## Exercise
Your copy should match the records exactly, apart from the pictures, which stay out.

## Data extract
-*-

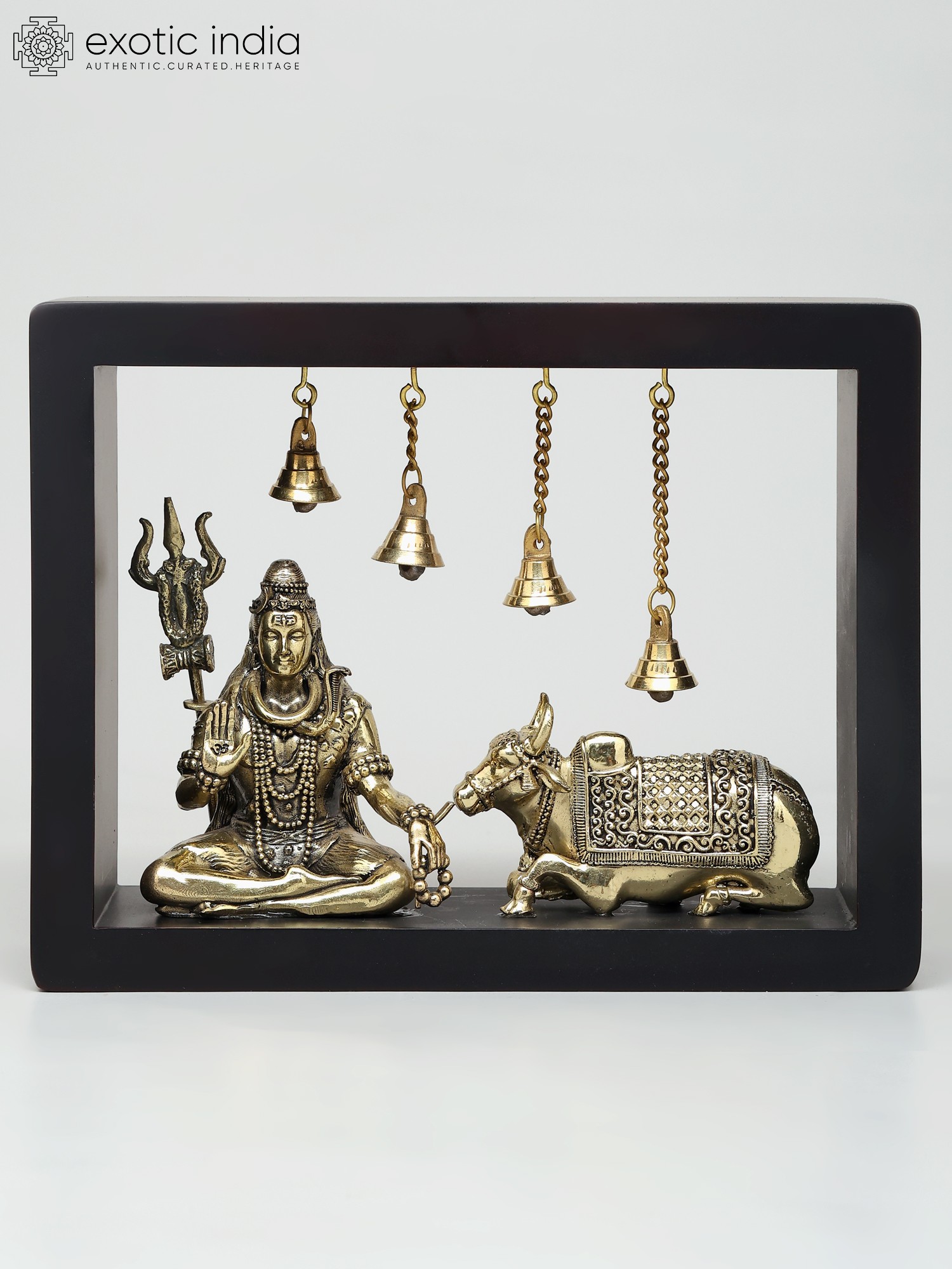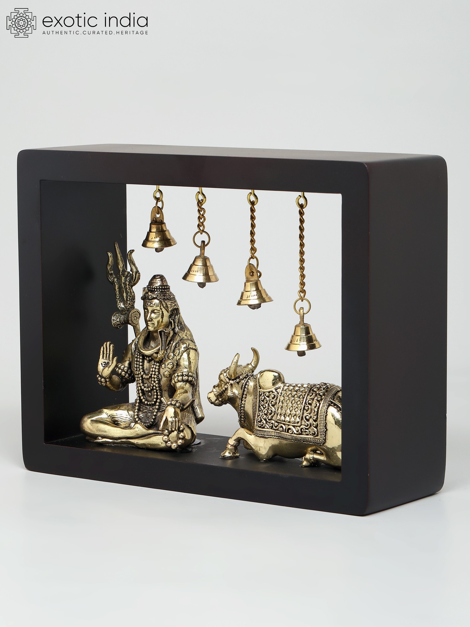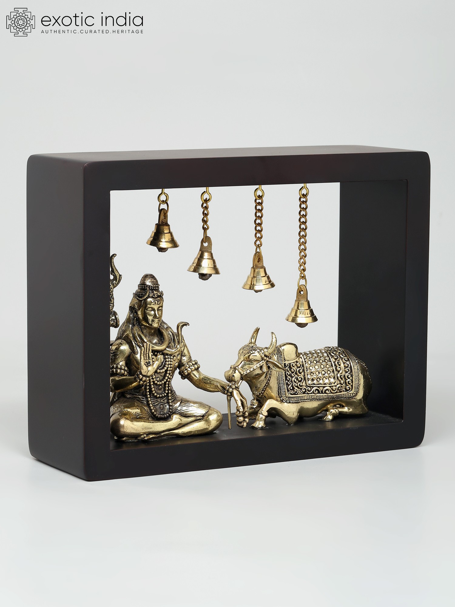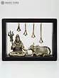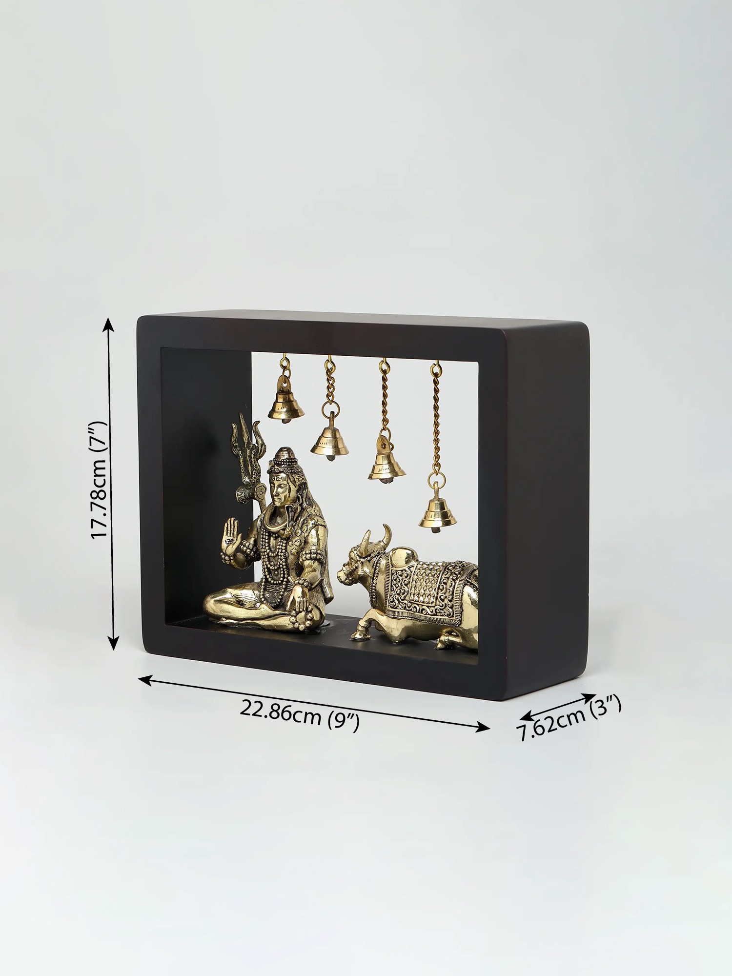 12" Superfine Sitting Lord Shiva with Nandi and Shivalinga | Wood Framed Brass Sculptures | Wall Hanging
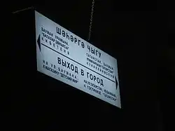 In polysyllabic words, the front-back distinction is lost in reduced vowels: all become mid-central.[23] The mid reduced vowels in an unstressed position are frequently elided, as in кеше keşe [kĕˈʃĕ] > [kʃĕ] 'person', or кышы qışı [qɤ̆ˈʃɤ̆] > [qʃɤ̆] '(his) winter'.[24] Low back /ɑ/ is rounded [ɒ] in the first syllable and after [ɒ], but not in the last, as in бала bala [bɒˈlɑ] 'child', балаларга balalarğa [bɒlɒlɒrˈʁɑ] 'to children'.[24] In Russian loans there are also [ɨ], [ɛ], [ɔ], and [ä], written the same as the native vowels: ы, е/э, о, а respectively.[24]
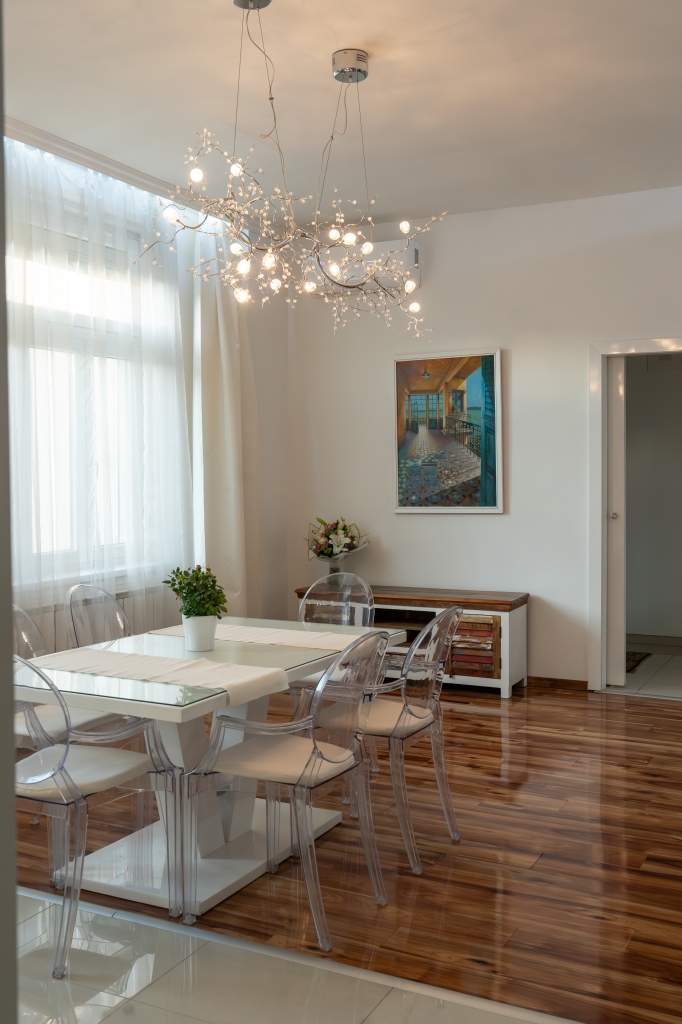 A legmodernebb anyagok és egyedi design jellemzi a lakást, ahol a magasfényű modern bútorok és vintage stílus tökéletes harmóniát alkotnak.
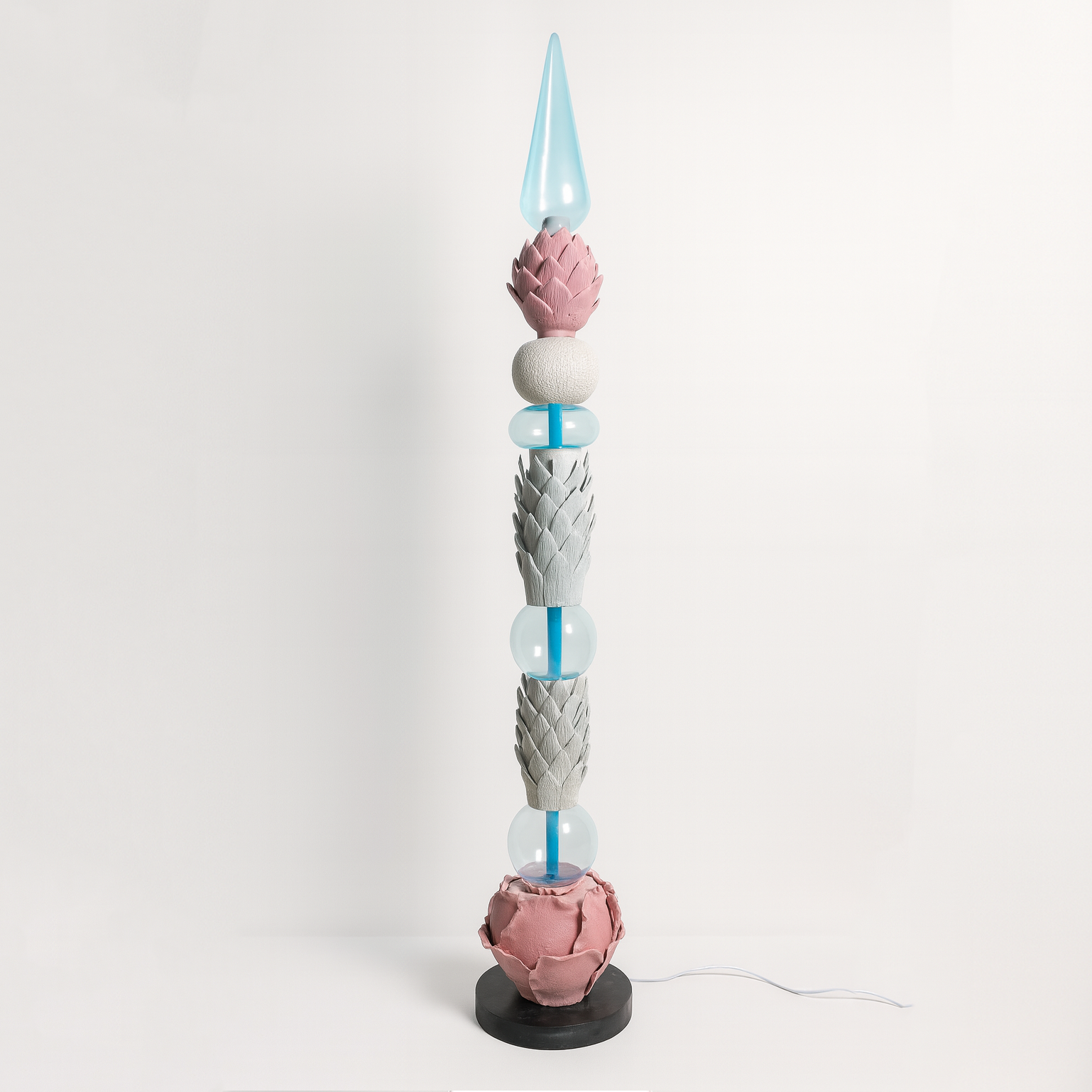 Standing tall, this totem gathers light into its sculpted form, casting a serene glow that anchors the room. Both art and illumination bring quiet strength into living spaces. Light, rising through clay.
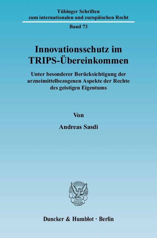 Ziel der vorliegenden Arbeit ist es, den im TRIPS-Übereinkommen angelegten Innovationsschutz herauszuarbeiten, der insbesondere für die Pharma- und Biotechnologieindustrie ein wichtiges Investitionskriterium darstellt. Hierunter fallen nicht nur Patentrechte, sondern auch der wettbewerbsrechtliche Schutz von Zulassungsdaten, mit dem ebenfalls eine Schutzbarriere gegen die Herstellung billigerer Imitationspräparate aufgebaut werden kann. Die Mitgliedstaaten erhalten durch die patentrechtlichen Ausnahmebestimmungen die Möglichkeit, den Innovationsschutz zugunsten gesundheitspolitischer Schutzinteressen einzuschränken. Die Zulässigkeit und Grenzen solcher "gesundheitspolitischen" Einbruchstellen waren Streitgegenstand des Panelverfahrens "Kanada - Patentschutz", dessen Verlauf umfassend kommentiert und anschließend einer rechtlichen Bewertung unterzogen wird. Zu den Ausnahmeregelungen gehören auch die Zwangslizenzbestimmungen, deren Auslegung umstritten und seit der Doha-Erklärung zum TRIPS und öffentlichen Gesundheitswesen einer laufenden Diskussion unterworfen sind.
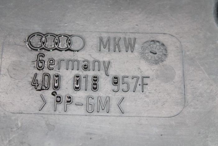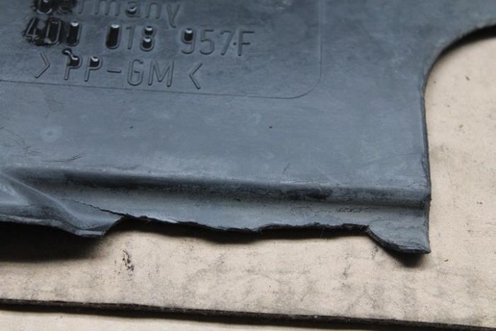 Bodemplaat/bekleding brandstoftank links Fabrikant: OE Randje afgebroken, nog wel te monteren!! (zie foto) Vergelijkingsnummer: 4D0018957F
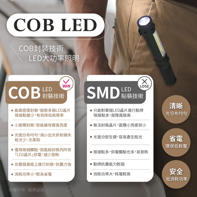 電池式 LED COB 磁吸多功能應急手電筒(LI-31)ETMALL東森購物網好禮必備 採用COB LED大功率照明 光源均勻 照明更亮 更清晰 前燈 側燈多用途照明 適用各場所 商品名稱 電池式LEDCOB磁吸多功能應急手電筒 LI 31 品牌 aibo型號 USB LI 31類別 隨身

-*-

## Output for this task
 12" Superfine Sitting Lord Shiva with Nandi and Shivalinga | Wood Framed Brass Sculptures | Wall Hanging
 In polysyllabic words, the front-back distinction is lost in reduced vowels: all become mid-central.[23] The mid reduced vowels in an unstressed position are frequently elided, as in кеше keşe [kĕˈʃĕ] > [kʃĕ] 'person', or кышы qışı [qɤ̆ˈʃɤ̆] > [qʃɤ̆] '(his) winter'.[24] Low back /ɑ/ is rounded [ɒ] in the first syllable and after [ɒ], but not in the last, as in бала bala [bɒˈlɑ] 'child', балаларга balalarğa [bɒlɒlɒrˈʁɑ] 'to children'.[24] In Russian loans there are also [ɨ], [ɛ], [ɔ], and [ä], written the same as the native vowels: ы, е/э, о, а respectively.[24]
 A legmodernebb anyagok és egyedi design jellemzi a lakást, ahol a magasfényű modern bútorok és vintage stílus tökéletes harmóniát alkotnak.
 Standing tall, this totem gathers light into its sculpted form, casting a serene glow that anchors the room. Both art and illumination bring quiet strength into living spaces. Light, rising through clay.
 Ziel der vorliegenden Arbeit ist es, den im TRIPS-Übereinkommen angelegten Innovationsschutz herauszuarbeiten, der insbesondere für die Pharma- und Biotechnologieindustrie ein wichtiges Investitionskriterium darstellt. Hierunter fallen nicht nur Patentrechte, sondern auch der wettbewerbsrechtliche Schutz von Zulassungsdaten, mit dem ebenfalls eine Schutzbarriere gegen die Herstellung billigerer Imitationspräparate aufgebaut werden kann. Die Mitgliedstaaten erhalten durch die patentrechtlichen Ausnahmebestimmungen die Möglichkeit, den Innovationsschutz zugunsten gesundheitspolitischer Schutzinteressen einzuschränken. Die Zulässigkeit und Grenzen solcher "gesundheitspolitischen" Einbruchstellen waren Streitgegenstand des Panelverfahrens "Kanada - Patentschutz", dessen Verlauf umfassend kommentiert und anschließend einer rechtlichen Bewertung unterzogen wird. Zu den Ausnahmeregelungen gehören auch die Zwangslizenzbestimmungen, deren Auslegung umstritten und seit der Doha-Erklärung zum TRIPS und öffentlichen Gesundheitswesen einer laufenden Diskussion unterworfen sind.
 Bodemplaat/bekleding brandstoftank links Fabrikant: OE Randje afgebroken, nog wel te monteren!! (zie foto) Vergelijkingsnummer: 4D0018957F
 電池式 LED COB 磁吸多功能應急手電筒(LI-31)ETMALL東森購物網好禮必備 採用COB LED大功率照明 光源均勻 照明更亮 更清晰 前燈 側燈多用途照明 適用各場所 商品名稱 電池式LEDCOB磁吸多功能應急手電筒 LI 31 品牌 aibo型號 USB LI 31類別 隨身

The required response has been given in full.